Sunday, October 11, 2015

A Gatsby For Our Age: Mistress America

Greta Gerwig and Lola Kirke in Mistress America.

Why doesn’t filmmaker Noah Baumbach get more love? Oh, the critics like him alright, more so of late, but the public doesn’t seem to. Yet since his debut with Kicking and Screaming (1995), he’s been putting out a steady and mostly consistent stream of smart, funny and appealing comedy/dramas that really reflect the way we live now. Yet the audience’s fancy seems to be tickled more by the artificial, hollow and hermetic likes of Wes Anderson’s output (Rushmore, Moonrise Kingdom) than anything Baumbach has on offer. It’s their loss but if they would check out Baumbach’s latest movie Mistress America (the second film of his to be released in 2015 after While We’re Young), they would be in for a treat. This comedy of manners about a young woman’s attachment and involvement with her older, soon-to-be stepsister is a small, indelible gem.

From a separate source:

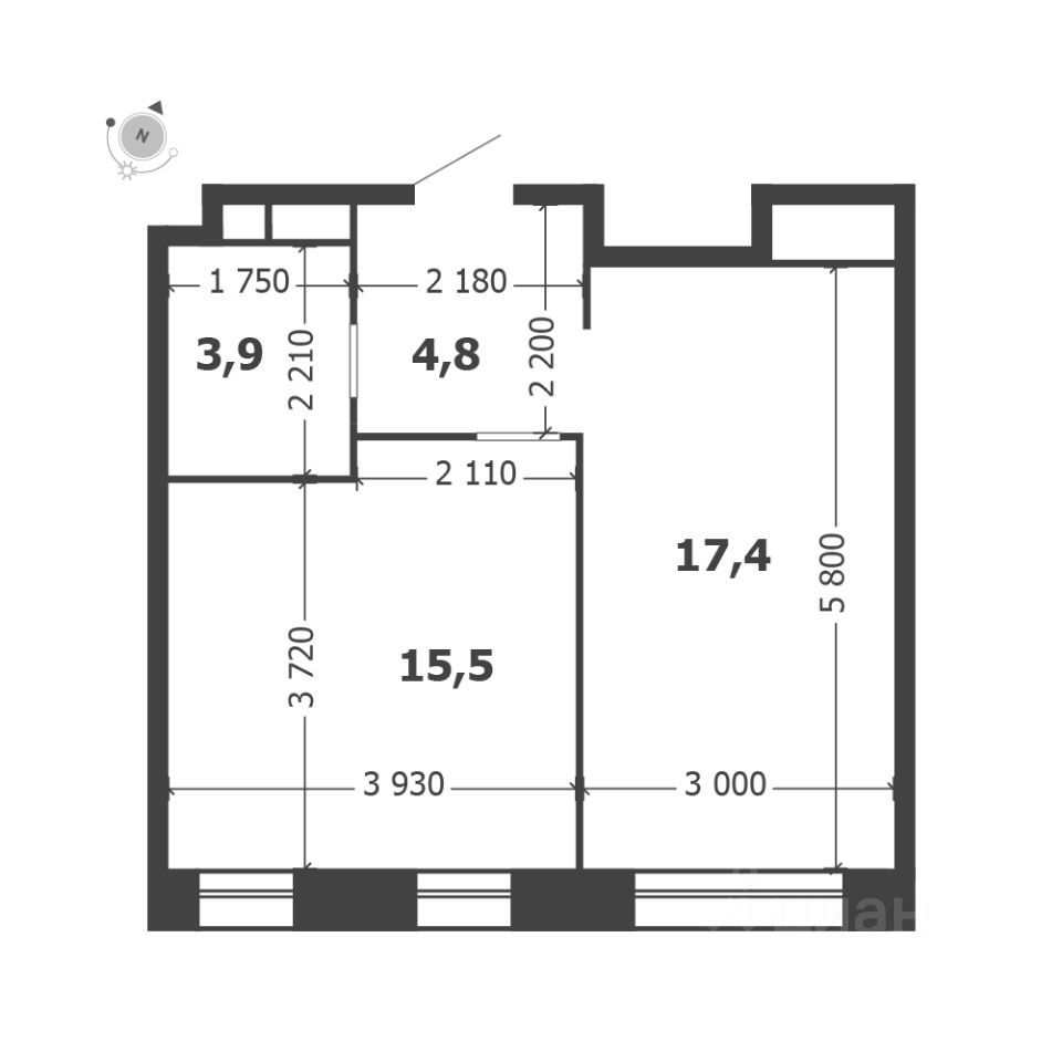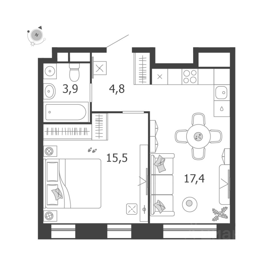 Общая площадь квартиры — 41.6 кв. м, этаж 3 из 4.

As the movie begins, aimless Tracy (Lola Kirke), who’s just begun college, is encouraged to give  Manhattan-based Brooke (Greta Gerwig) a call. (Brooke's dad is all set to marry Tracy’s mom.) She does so reluctantly but after the two finally get together, Tracy is plunged into a unique adventure as she follows the flighty, fascinating Brooke all over the city and upstate. In the process of this journey, she learns something about herself and her fledgling writing abilities, even as she appropriates Brooke’s tumultuous existence as fodder for a short story she is submitting to her campus’s hoity-toity literary journal.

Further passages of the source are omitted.